Mamadou Honadia : L’Afrique a aujourd’hui des arguments pour démontrer les conséquences incalculables des changements climatiques sur son sol, en cela, elle peut créer des alliances avec les petits Etats Insulaires et le Groupe des pays les moins avancés sur certaines questions. Les africains peuvent tisser des compromis avec l’Union Européenne ou le Groupe Parapluie selon certains sujets d’achoppement. En tous cas, la progression en solo n’est pas viable à cette étape des négociations. En outre,  la haute hiérarchie devra entrer dans le jeu tout de suite avec une détermination, une constance et une volonté affichée de protéger les intérêts du continent à tous prix. Il est évident que la question de climat n’est pas du tout isolée dans tout l’environnement politique, diplomatique, économique et que cela aura des implications très sérieuses sur les relations entre l’Afrique ou certains de ces membres et les pays du Nord ; mais une bonne diplomatie pourrait permettre d’obtenir un Accord satisfaisant pour tous. La cible des pays du Nord étant les pays émergents et les pays producteurs de pétrole, des voix plus autorisées savent ce qu’il faut faire.

 

A ce moment comment pensez vous que les pays africains peuvent affirmer leur souveraineté et indépendance?

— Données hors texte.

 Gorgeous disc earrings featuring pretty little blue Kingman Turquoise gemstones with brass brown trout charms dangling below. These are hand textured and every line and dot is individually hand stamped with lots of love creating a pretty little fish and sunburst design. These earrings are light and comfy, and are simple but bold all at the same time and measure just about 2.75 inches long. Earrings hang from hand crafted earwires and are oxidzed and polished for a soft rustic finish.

Mamadou Honadia : Question difficile et sensible. Déjà le travail des experts est remarquable sous la présidence du Soudan. Je pense que l’Afrique devra garder un mental fort au regard de la forte pression qui se présente depuis maintenant jusqu’en décembre à Paris et elle devra rester constante dans ses positions. La détermination et l’expression de ses positions à la fois officiellement dans les salles et dans les média, est gage de réussite. Parler d’une seule voix est capital et la relève par les Décideurs devra suivre la même tendance. L’Accord de Paris revêt une telle importance pour l’humanité que l’Afrique devra être décisive pour protéger son peuple. Cet instrument juridiquement contraignant ne sera pas revu avant au moins deux à trois décennies, car le Protocole de Kyoto aura donné une leçon à tous ; donc prenons nos marques et soyons prêt à répondre au peuple qui place sa confiance en nous, toute émotion mise de côté.

 

Nonobstant cette particularité concernant les pays africains, que gagne le Burkina Faso dans tout ce concert de négociations? 

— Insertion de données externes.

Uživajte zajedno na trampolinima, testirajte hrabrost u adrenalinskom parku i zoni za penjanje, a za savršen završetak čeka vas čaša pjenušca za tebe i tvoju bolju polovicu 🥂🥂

Mamadou Honadia : Un pays comme le Burkina Faso, a plutôt intérêt à intégrer ses positions dans celles du Groupe des Pays les Moins Avancés et du Groupe Afrique pour la simple raison que dans ces négociations, c’est la loi des grands groupes. Plus vous êtes nombreux et soudés, mieux vos intérêts sont bien défendus et sauvegardés. Depuis longtemps donc, la délégation burkinabée s’est engagée avec les groupes cités ci-dessus afin de porter ses intérêts. Ainsi donc, que gagne t-il si un Accord, à contenu avantageux pour lui, est signé et entre en vigueur?. Le Burkina Faso aura d’une part, participé à l’effort international pour l’adoption de cet instrument juridique et, d’autre part, aura fait preuve de respect de ses engagements de réduction des émissions de gaz à effet de serre à travers ses contributions, prévues, déterminées au niveau national. Ca c’est capital. En outre, il bénéficiera des avantages découlant des Décisions prises sur l’adaptation et les programmes de développement et de sécurité alimentaire qui y sont associés, les projets de renforcement des capacités, les programmes de technologies et de transfert de technologie, les options d’assurances climatiques, la coopération scientifique en la matière. Nos experts pourraient intégrer les nouveaux organes créés afin de faire rayonner l’image du Burkina Faso. Enfin, je dirai qu’on aura contribué à préserver nos populations des catastrophes climatiques qui auraient pu arriver, à savoir, l’accentuation des sécheresses dans certaines zones, et la réduction des  pics d’inondations que notre pays connait depuis 2009.